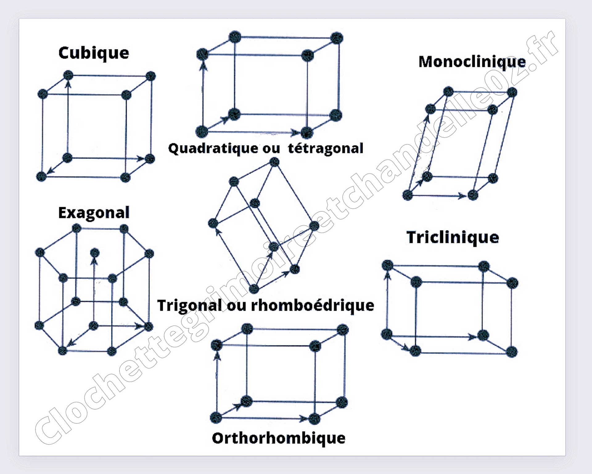 Les sept systèmes cristallins en minéralogie sont les suivants :
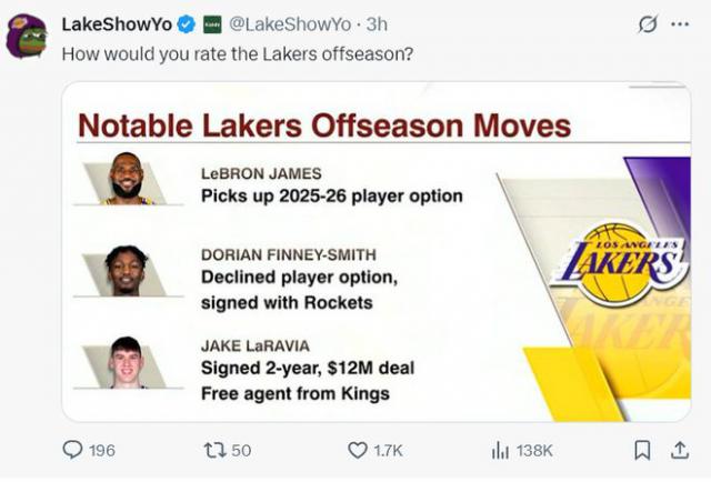湖媒写道:如何看待湖人队休赛期的运作,詹姆斯执行。 5260 一万名球员,芬尼史密斯离开球队,湖人队两年 1200 拉拉维亚签下了万签。
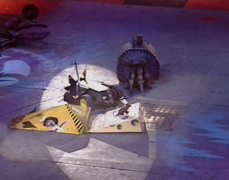 Wharthog turned around again, but Hard Cheese continued with its attacks on the experienced machine. Eventually, the shunts from Hard Cheese rendered Wharthog immobile as well. Hard Cheese proceeded to venture near the PPZ again and bump into Dead Metal, the collision knocking the rat mascot Verminator off its wedge shape. Shunt then placed Verminator over the Flame Pit, before 'cease' was finally called and Hard Cheese declared the inaugural Middleweight Champion.
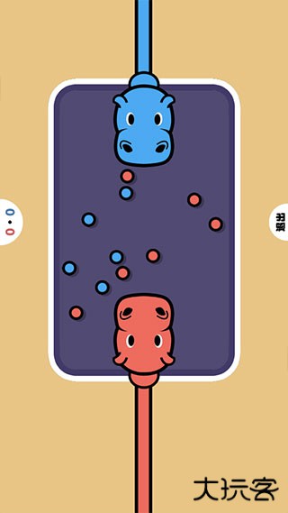点击操控河马吃掉小球,吃到自己颜色小球时获得2分,吃到对手颜色小球时扣除1分,先得到80分获胜。
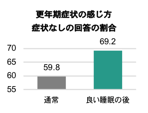 更年期症状の感じ方については、「症状なし」の回答割合が通常では59.8%だったところ、質の良い睡眠・十分な睡眠をとった後では69.2%まで増加し、症状を感じる人の割合が減少しました。これにより睡眠によって改善を感じる人が一定数いると推察されます。
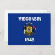 Essa design apresenta a bandeira estadual de Wisconsin, que fica no Centro-Oeste e nos Lagos Excelentes dos Estados Unidos. É confinado por Minnesota a oeste, Iowa a sudoeste, Illinois a sul, lago Michigan a leste, Michigan a nordeste e lago Superior a norte. A capital estadual de Wisconsin é Madison, e sua maior cidade é Milwaukee. O Estado é um dos principais produtores de leite do país e é conhecido como "Dairyland da América". É também conhecido como "Estado de Badger". A bandeira estadual de Wisconsin apresenta a casaco de armas do estado em fundo azul; mostra também texto contendo o nome do estado e o ano de 1848, que foi o ano em que Wisconsin foi admitido à União.
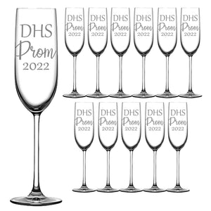 High School Prom Engraved Glass Champagne Toasting Flutes Set of 12
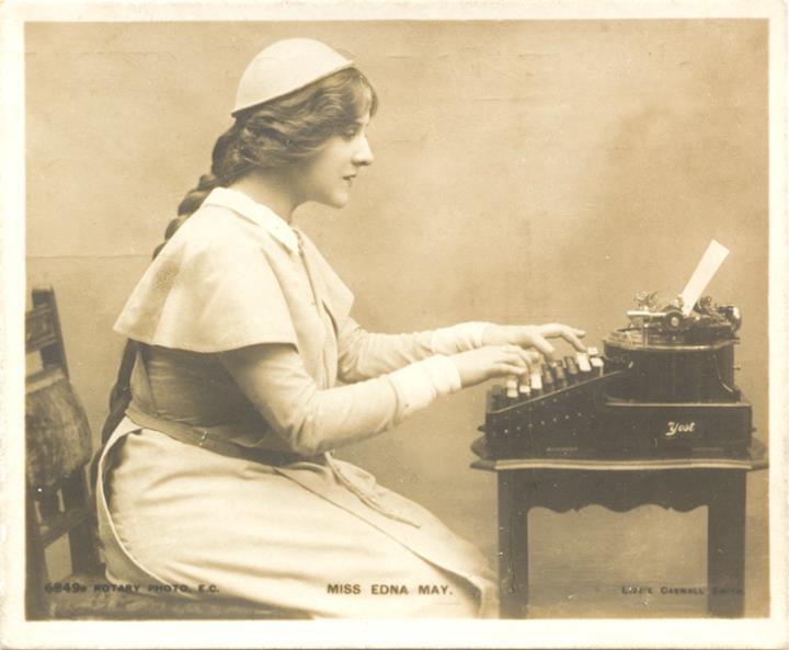 Illustrierte Postkarte in Midget-Format; Fotografie, monochrom; Rotary Photo Nr. 6849 Rückseite: Rollenporträt; Schauspielerin Edna May mit Schreibmaschine Vorderseite nicht beschrieben

- - - - - - -

## What the exercise asks:
Exact copies of the lines from the one containing "点击操控河马吃掉小球,吃到自" through the final line of the data are required; pictures are to be omitted.

## Completed task:
点击操控河马吃掉小球,吃到自己颜色小球时获得2分,吃到对手颜色小球时扣除1分,先得到80分获胜。
 更年期症状の感じ方については、「症状なし」の回答割合が通常では59.8%だったところ、質の良い睡眠・十分な睡眠をとった後では69.2%まで増加し、症状を感じる人の割合が減少しました。これにより睡眠によって改善を感じる人が一定数いると推察されます。
 Essa design apresenta a bandeira estadual de Wisconsin, que fica no Centro-Oeste e nos Lagos Excelentes dos Estados Unidos. É confinado por Minnesota a oeste, Iowa a sudoeste, Illinois a sul, lago Michigan a leste, Michigan a nordeste e lago Superior a norte. A capital estadual de Wisconsin é Madison, e sua maior cidade é Milwaukee. O Estado é um dos principais produtores de leite do país e é conhecido como "Dairyland da América". É também conhecido como "Estado de Badger". A bandeira estadual de Wisconsin apresenta a casaco de armas do estado em fundo azul; mostra também texto contendo o nome do estado e o ano de 1848, que foi o ano em que Wisconsin foi admitido à União.
 High School Prom Engraved Glass Champagne Toasting Flutes Set of 12
 Illustrierte Postkarte in Midget-Format; Fotografie, monochrom; Rotary Photo Nr. 6849 Rückseite: Rollenporträt; Schauspielerin Edna May mit Schreibmaschine Vorderseite nicht beschrieben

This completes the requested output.